* **Exercise requirements**
Print every line of the material below exactly as it stands, but omit the pictures.

* **Dataset content**

▽

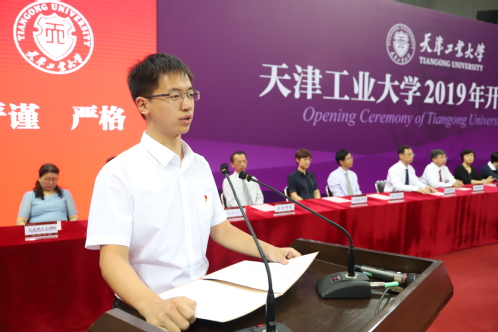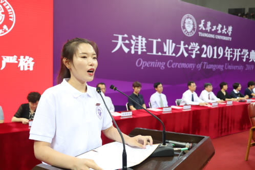 经济与管理学院孙铭浛代表研究生新同学发言,她分享了自己在西部支教的经历,并表示,将时刻谨记天工校训,努力弘扬学校精神,做一个有理想有担当的天工大人。
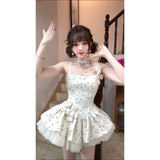 法式ins风御姐甜美公主裙精致高级吊带波点裙蓬蓬裙连衣裙礼服裙
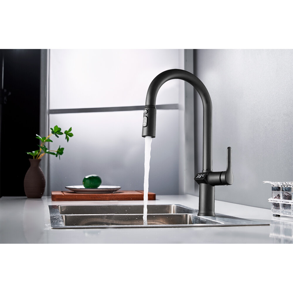смеситель для кухни ESKO вытяжной LED дисплей черный (K15B LED)

△

* **Answer area**
 经济与管理学院孙铭浛代表研究生新同学发言,她分享了自己在西部支教的经历,并表示,将时刻谨记天工校训,努力弘扬学校精神,做一个有理想有担当的天工大人。
 法式ins风御姐甜美公主裙精致高级吊带波点裙蓬蓬裙连衣裙礼服裙
смеситель для кухни ESKO вытяжной LED дисплей черный (K15B LED)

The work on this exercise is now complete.